Huh, I was going to point out that the Signal server isn't Free Software either, since for a while it wasn't being published, but it seems they have gotten back into publishing it.
while it's amazing for them to keep maintaining it, as the person mentioned down the thread, it's hard to know what they are actually running, right? and it's not a lot of work to patch this or clone/branch as necessary before deploying. Oh well, i already resigned that a part of my life will be run by someone else by now.
Publishing server code provides no assurance of anything (although it is still nice, for other reasons) since nobody can know if what they (for any "they") run in production is the same as the public source.
Open client code and documented protoccols are much more important. If you can compile your own client from open source code and it works fine, then you can know for sure what you're sending to the server.
If you bothered to look, you would find that both of the examples given are open-source servers. You might then deduce that you misunderstood the comment to which you replied.
You cannot audit the system/service logs for those servers, neither can you audit the hardware running those servers, nor the internet providers who can snoop on the traffic et al... That's the argument behind "Open source server" in case it wasn't clear.

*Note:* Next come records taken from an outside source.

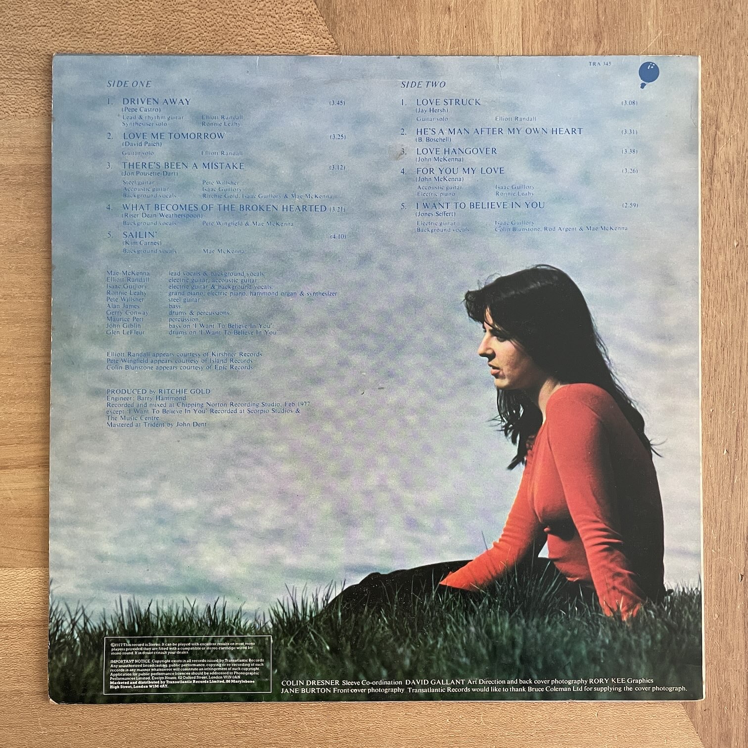 77年transatlanticからリリースされたイギリス・オリジナル。コントラバンドのボーカリストによるソロ・3作目。UKフォーク・ロックやアメリカのフィーメル・ボーカル・ファンにもおすすめで、KIM CARNESの「SAILIN’」などもカヴァーしてます。しかし、両面ともにジャケットが素晴らしい。ラビリンス6071掲載。
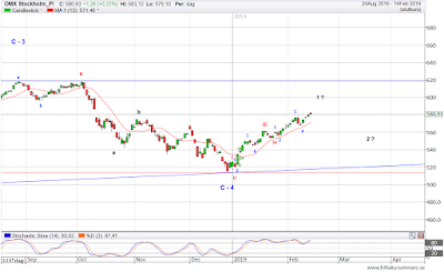 Index har kommit upp till 1598 så lång och är i området mellan fib61,8 och fib76,4. Tolkar fortsatt denna rörelse som en D-våg i en triangel till C-4 botten. Jag kan räkna in 7 vågor upp, så en topp kan vara inne på 1598, samtidigt som Index kan fortsätta att sub indela sig upp.
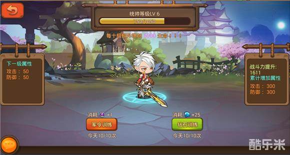 领主培养可以通过军令和钻石来对领主的统帅等级进行升级,每天各有十次的上限。军令训练有概率暴击获得更多经验,钻石训练必定暴击获得额外经验。领主的统帅等级越高,增加属性越多,这些属性会附加到每个骑士上,可以快速提高整体战斗力。
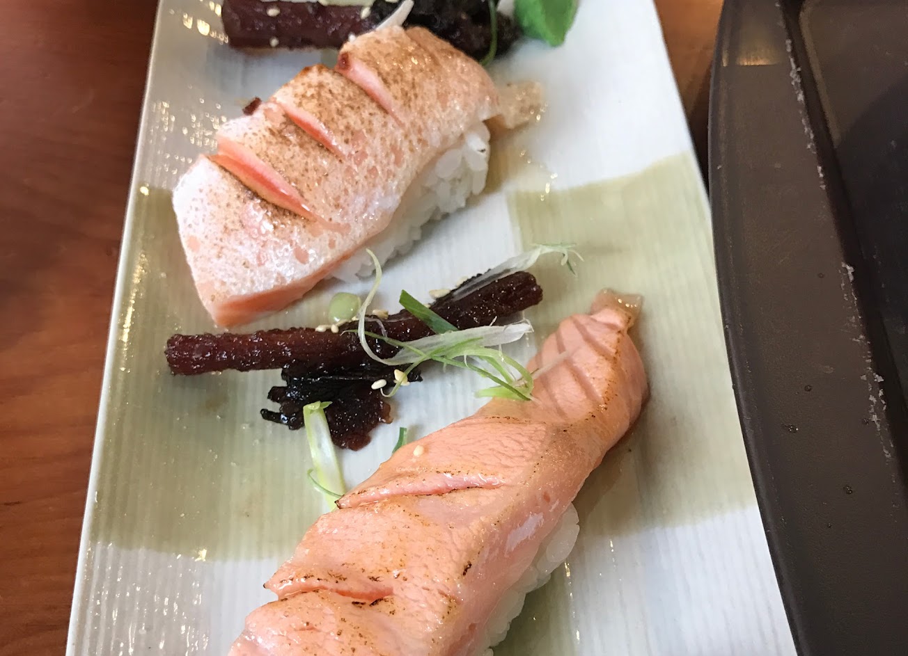 虎掌飯好吃,生意很好,開到兩間,要排隊,炙燒鮭魚($60),很厚,好吃!有免費飲料可以喝。
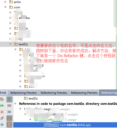 注意:修改成自己想要的包名,有一种情况要说明一下,修改包名不能正常修改而是跳转到 引用该包名的类。解决方法,点击左下角的Do Refactor 继续修改包名

This might be where the misunderstanding is. This software is indeed server software that anyone can run, and the global network consists of servers run by many independent entities, in many cases with full control of the hardware. One of these entities can be you, and it is completely possible to run from home.
The integrity of your conversation with someone would then depend on both your endpoints, clients, and the respective server.

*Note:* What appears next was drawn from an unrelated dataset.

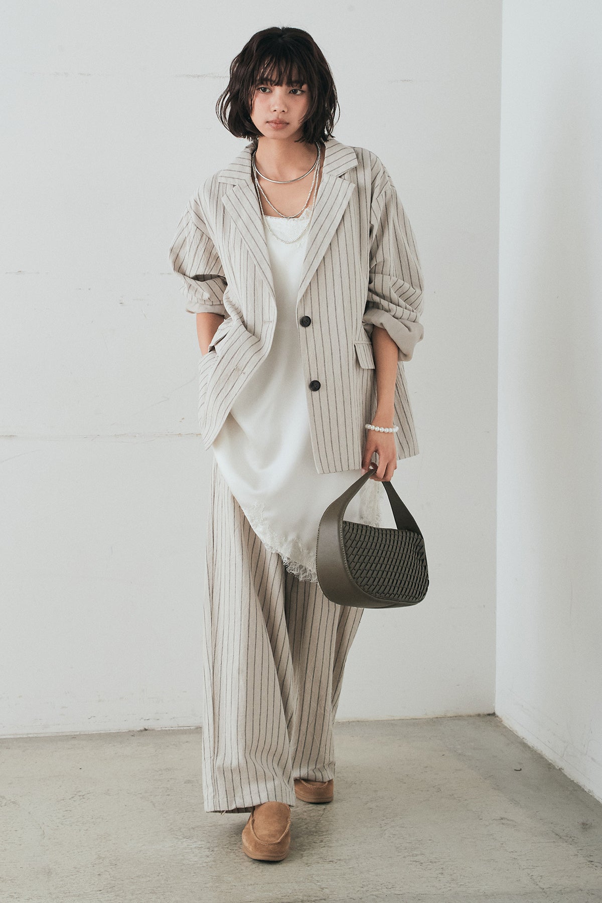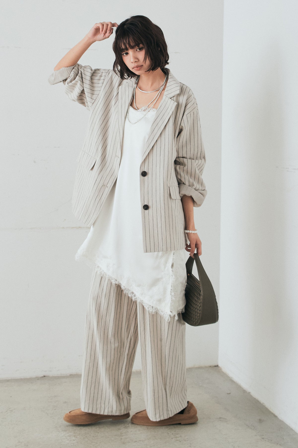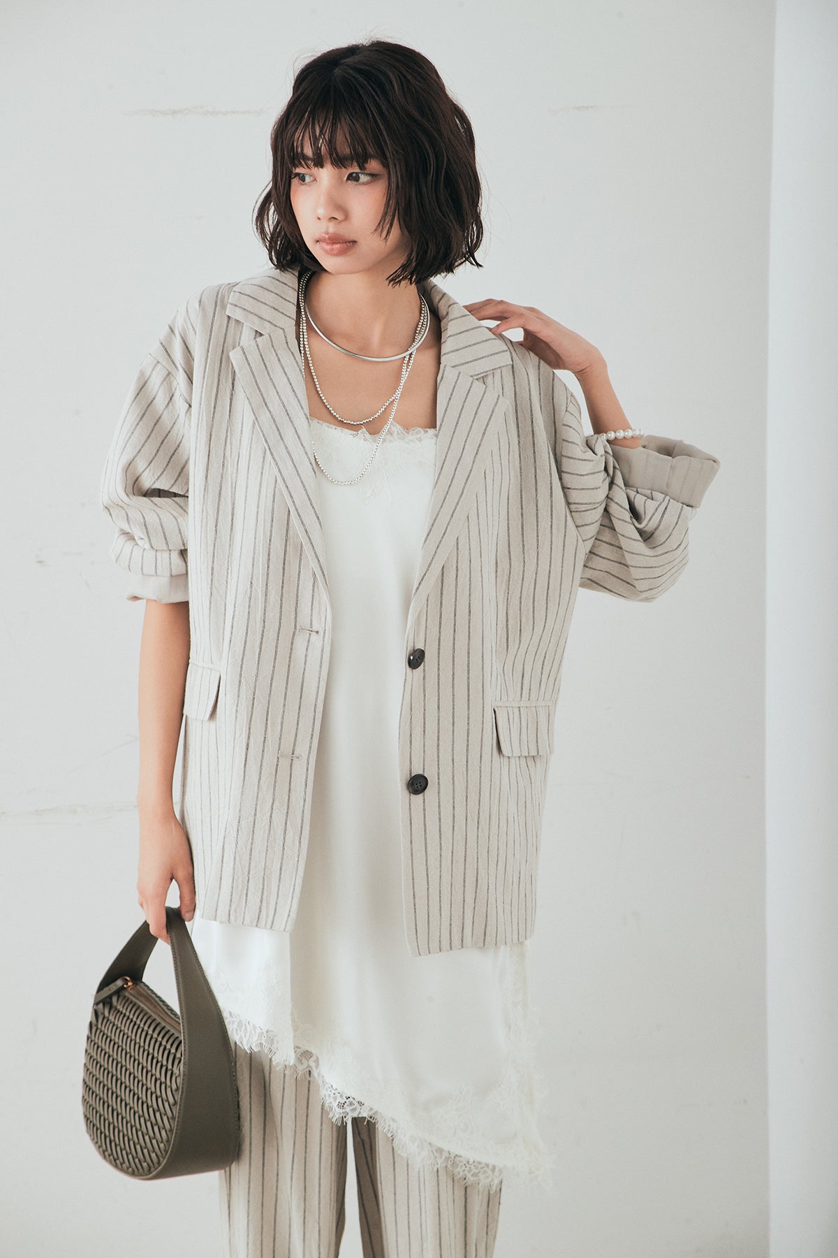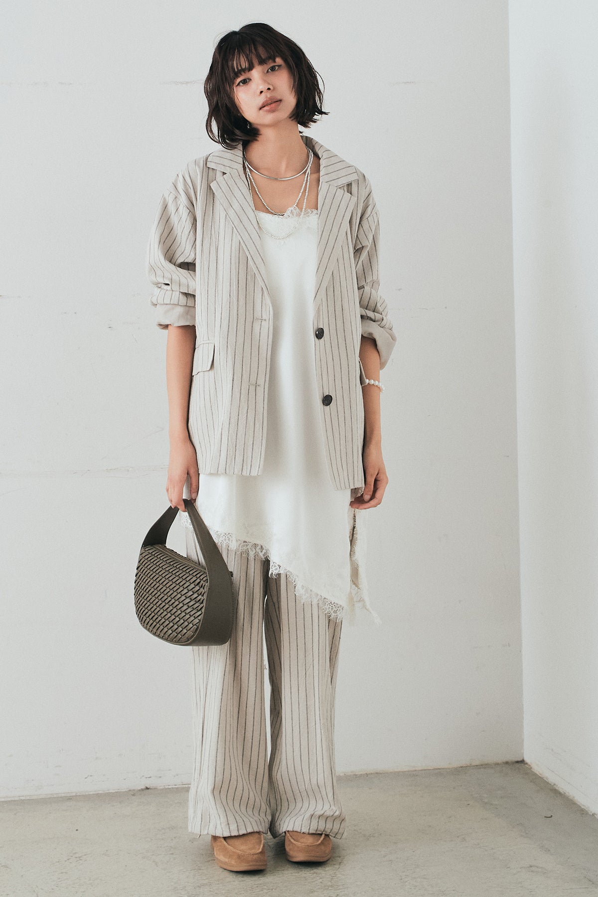 リネンライクストライプテーラードジャケットの他のセットページはこちら
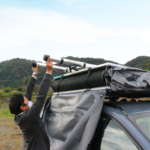 ルーフトップテントを広げるには、ラダーを使ってテコの原理を利用します。複雑なフレームを組み立てることも、何本もの張り綱をペグで固定することもなく、とっても簡単でした。

Just like email, but for chat. There is no single gatekeeper who is allowed to use the network.
No misunderstanding at all. The argument is very clear.
> global network consists of servers run by many independent entities
This is not the case for all the popular chat apps including Signal which uses centralized servers which they run themselves. They clearly see little benefit from this distributed independent server model.

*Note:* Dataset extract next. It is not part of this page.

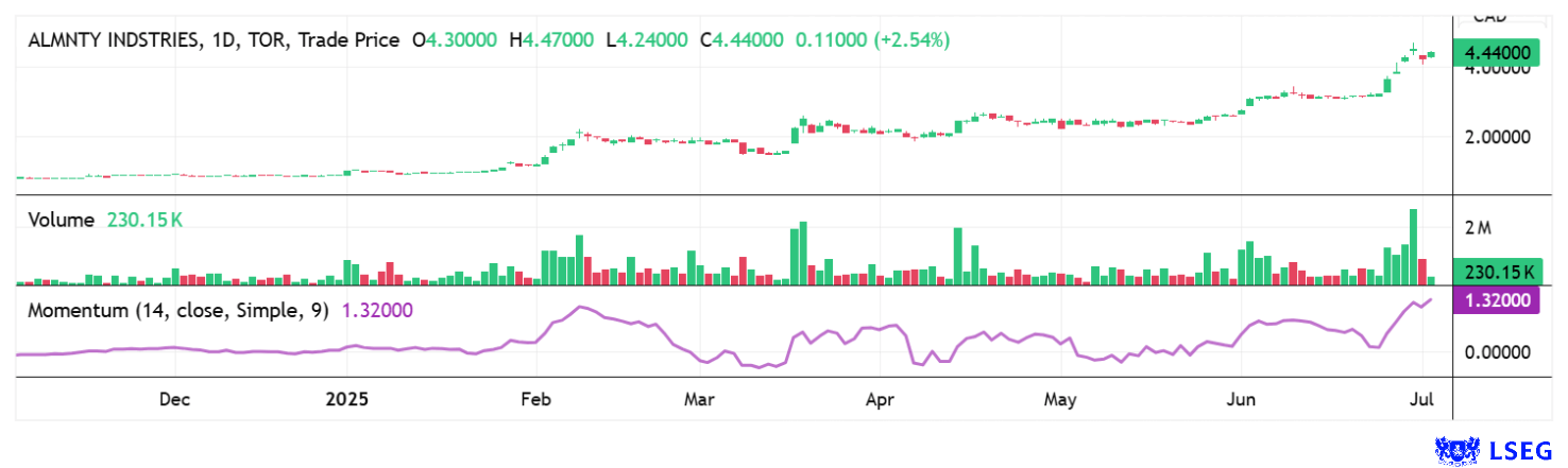 Die Vorbereitung auf den Eintritt in den renommierten US-Handel unterstreicht den Anspruch, künftig verstärkt internationale Investoren anzusprechen. Denn ein Listing an der Nasdaq eröffnet nicht nur Zugang zu kapitalstarken Fonds und institutionellen Anlegern, sondern erhöht auch die Chance auf weitere Indexaufnahmen sowie die erhöhte Sichtbarkeit am Weltmarkt. Für Unternehmen wie Almonty ist dies gleichbedeutend mit einem Qualitätssiegel, denn nur wer umfassende Transparenz-, Finanz- und Governance-Anforderungen erfüllt, schafft es an den bekanntesten Aktienort der Welt. Langfristig könnten sich daraus erhebliche Vorteile bei Kapitalbeschaffung und Bewertung ergeben. Kurzfristig führt es zu einer deutlichen Erhöhung der Liquidität. Wir dürfen gespannt sein!

And even that doesn't mean the server is open source.
As I explained earlier if you cannot audit the physical server you are connected to, claiming it's open source is useless. FYI that's literally how the term open source was used in this context!
> The integrity of your conversation with someone would then depend on both your endpoints, clients, and the respective server.
Client to client verification simply works and eliminates the need to also "verify" the server which if compromised introduces an even higher risk of contamination in the trust model (too many co-dependent functions are delegated to the server), not to mention collusion in establishing integrity of yet another device that we need to trust.
Not sure what part of my comment amused you so much.
An IM platform server can be open sourced. Just like any kind of software.
It's just a matter of publishing your code and, preferably making it possible to verify that the service your users are connecting to is build using the same published code.
How could you possibly verify what code they are running server-side?
Typically, the way it goes is that you implement e2ee such that even a fully compromised server cannot read the clients messages, publish the client's source code, and build it yourself or use reproducible builds. That ladt part is where you can criticize Signal. Whether they publish the server code is mostly irrelevant unless you want to run a separate messenger infrastructure.
> unless you want to run a separate messenger infrastructure.
Or if you S2S federate with the upstream server. Which is a core differentiator of XMPP and Matrix. Signal server(s) notably supported proper federation during their initial growth-phase but famously closed it off ("The ecosystem is moving").
Similar story as Google [Chat/Talk/Hangouts], which did federate over XMPP before they closed that down years ago.